__Records contained in a dataset__:
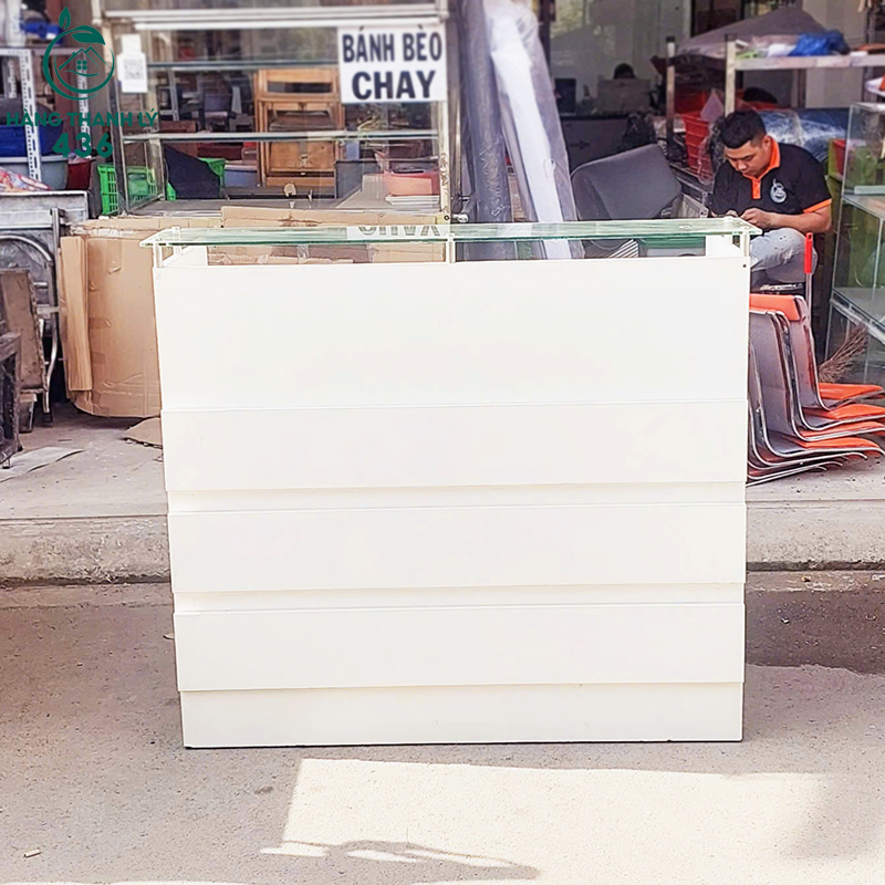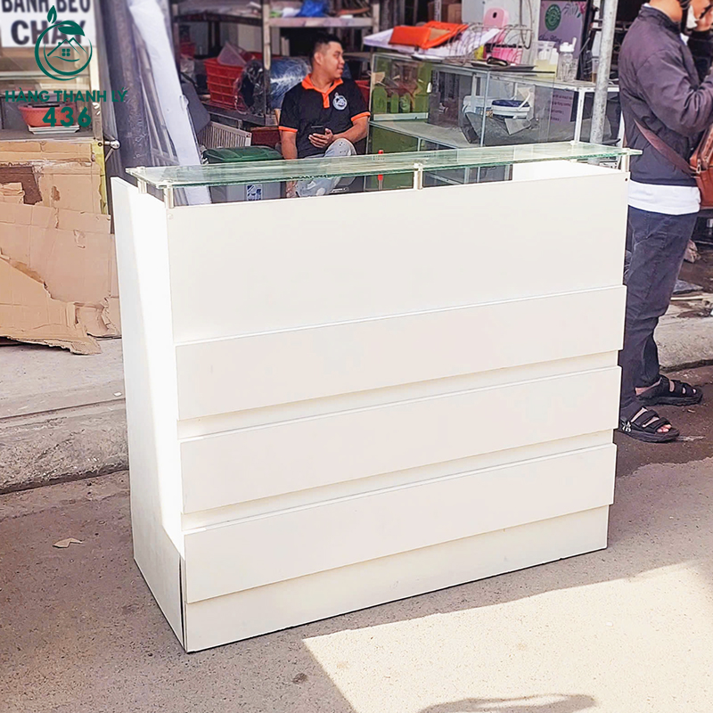 Quầy Lễ Tân Cũ 1M2x1M1 Màu Trắng Mặt Kính Giá Tốt
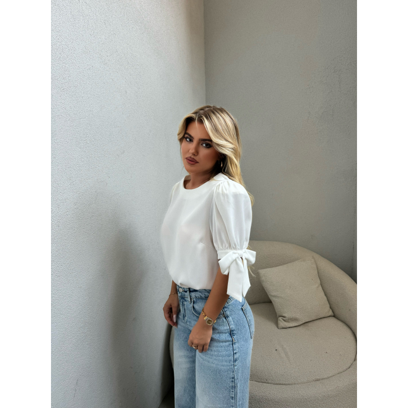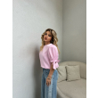 T-shirt me menge te shkurter. Eshte e thjeshte dhe lehtesisht e kombinueshme. Ka fjongo tek menget dhe eshte ne ngjyren roze dhe te bardhe. Material i plote dhe cilesi fantastike.
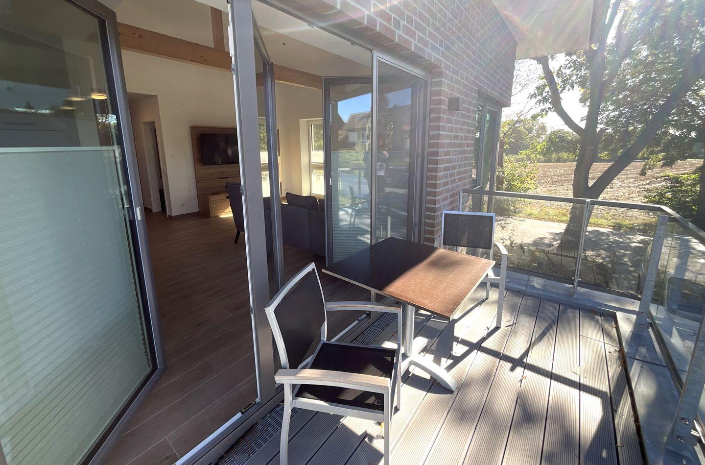 Ein weiteres Highlight ist der einladende Balkon, auf dem Sie mit Gartenmöbeln ausgestattet entspannte Stunden an der frischen Nordseeluft genießen können. Der zur Unterkunft gehörende Privatparkplatz bietet einen Stellplatz für Ihr Fahrzeug.
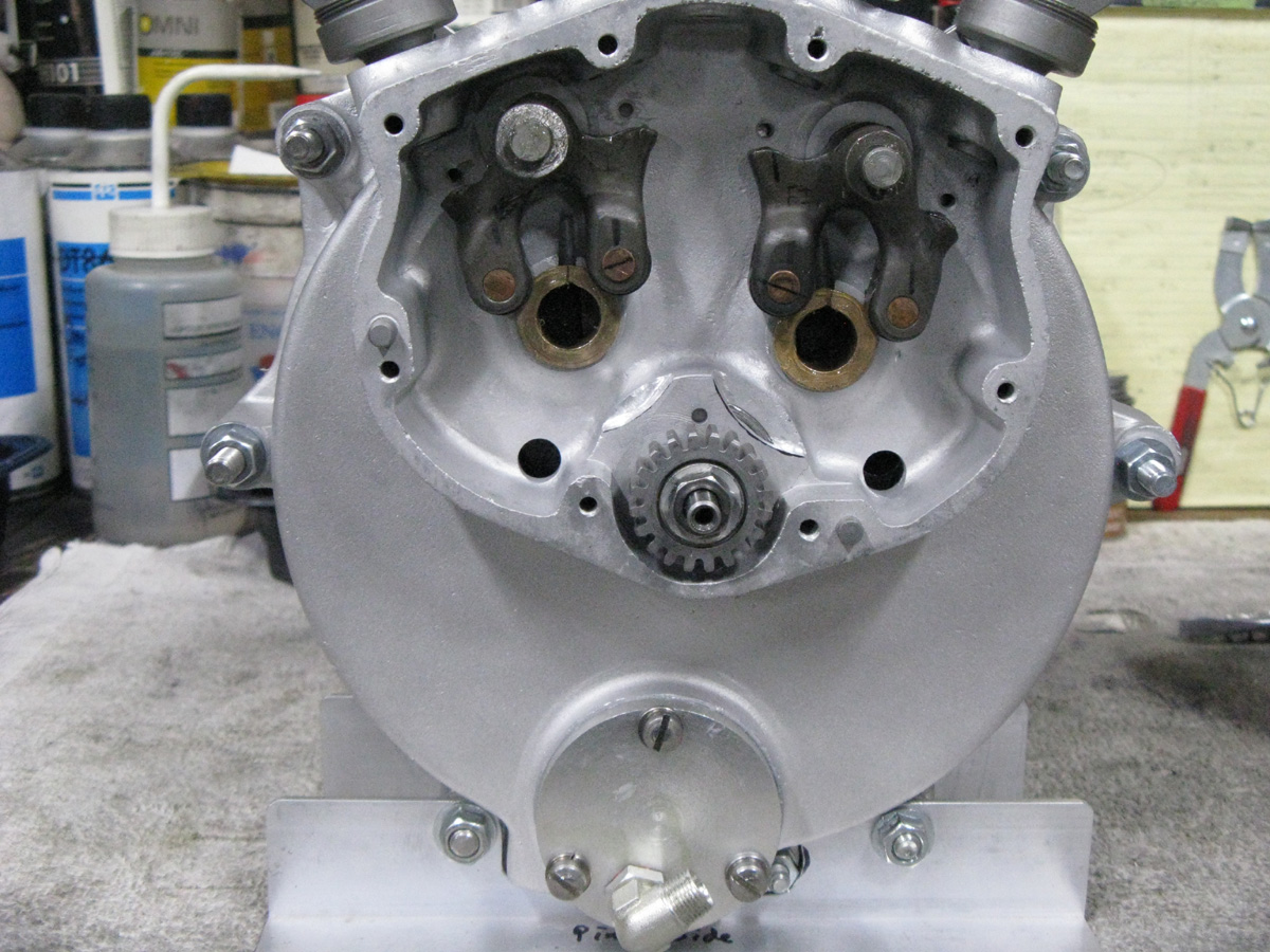 Here are some other mods that I like to do. I modified the cases to use the 1947 Chief oil sump "Scraper". I do a special lightening job to the flywheels to lighten them over-all, while maintaining outer mass for high RPM inertia. I rotate the push-rod guides to put the oil groove on the right (uphill) side, then precisely hone them for a .001" fit to new spiral grooved push-rods. I add a drive race seal, like the '52-'53 Chiefs. I use thin "Brown Paper Bag" cylinder base gaskets for good sealing, and a tiny bit more compression. I use Teflon valve guide seals for the intakes only. I have Cometic Gaskets make me .050" thick copper head gaskets custom for my modified combustion chambers. I gave up on factory head bolts a long time ago. I custom make stainless steel studs, and use the older Indian chamfered washers, and ARP Grade-10, 12 point "Flange Nuts" at just 50 Ft/Lb of torque. Much better head clamping (no blown head gaskets). I had these "Dick Holt" cylinders "Nikasiled" for a much harder surface. The original iron bores are soft, and wear quickly (they also score pistons when it gets hot!). I use a piston coating company that has the best coatings. They do a Ceramic top coating to cool the piston tops, and I use their Deisel skirt coating, which is very tough, and protective. Without their coatings, I would ruin a top end after every run! I also make special "Manganese-Bronze" thrust washers that go to the left of the Female Rod. I was experiancing severe wear of these original steel T-Washers at Bonneville, that threw off a lot of metal trash into the oil. It is a complicated story, but the new Manganese-Bronze" T-Washers don't wear like steel, and my problems were solved.
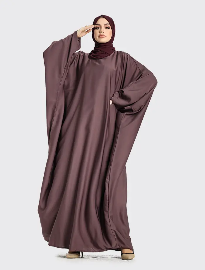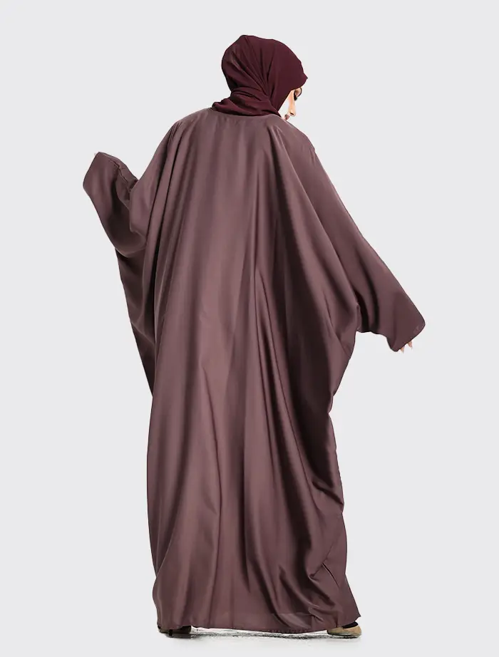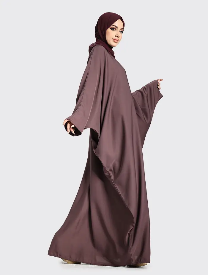 Featuring a round neckline, this abaya although simple will meet your expectations for your everyday comfort. This dress features a loose batwing cut fitting with armholes which ends at the side seam of the dress.
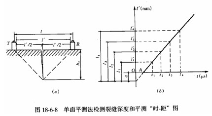 當結構的裂縫部位只有一個可測表面,估計裂縫深度又不大于500mm時,可采用單面平測法。平測時應在裂縫被測部位,以不同測距按跨縫和不跨縫布置測點(布點時應避開鋼筋的影響)進行檢測。如圖18—6—8(a)。
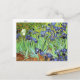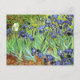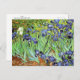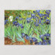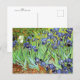A fine art postcard with the post-impressionist painting, Irises (1889), by the Dutch artist Vincent van Gogh (1853-1890) A group of blue-violet iris in the garden, which was influenced by Japanese art.
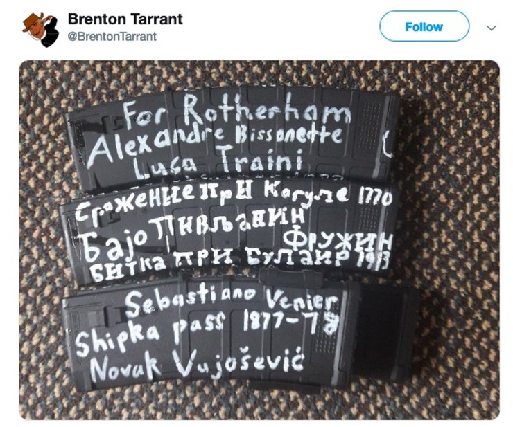 К теракту стрелок из Кристчерч подготовился основательно. Видимо, он изначально планировал, что будет вести стрим, поэтому продумал все детали: музыка в машине по пути к мечетям (играл антиисламский гимн времен балканской войны) и расписанные цитатами и датами магазины для оружия и сама винтовка. В частности, на них упоминается Александр Биссонет, расстрелявший прихожан в мечети канадского Квебека в 2018 году и даже битва при Кагуле (русско-турецкая война, 1770 год). Брентон так отметил важных людей и важные даты, ставшие "ключевыми для становления европейской цивилизации".
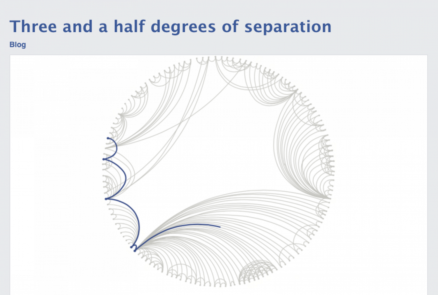 Результаты статистического исследования, опубликованные в официальном блоге Facebook показывают, что сегодня двух пользователей соцсети разделяют в среднем 3,57 «рукопожатия», или уровня связей. Специалисты получили эти данные, проанализировав миллиарды связей между зарегистрированными пользователями фейсбука, число которых составляет 1,6 миллиарда, то есть около четверти всего населения планеты. Отмечается, что в 2011-м двух человек разделяло в среднем 3,74 «рукопожатия», а в 2008 году этот показатель равнялся 4,28.
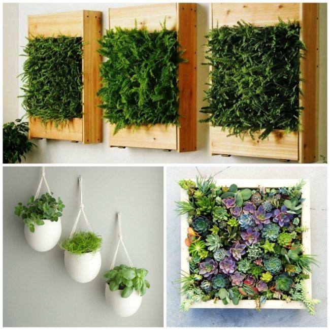 Оживить стены растениями и цветами вам помогут деревянные поддоны и ящики, а также специальные настенные вазы и модульные горшки.

__Problem details__: Output only the lines above from the one containing "T-shirt me menge" to the one containing "Ein weiteres Highlight", both included, exactly as written and with no pictures.

__Exercise output__:
 T-shirt me menge te shkurter. Eshte e thjeshte dhe lehtesisht e kombinueshme. Ka fjongo tek menget dhe eshte ne ngjyren roze dhe te bardhe. Material i plote dhe cilesi fantastike.
 Ein weiteres Highlight ist der einladende Balkon, auf dem Sie mit Gartenmöbeln ausgestattet entspannte Stunden an der frischen Nordseeluft genießen können. Der zur Unterkunft gehörende Privatparkplatz bietet einen Stellplatz für Ihr Fahrzeug.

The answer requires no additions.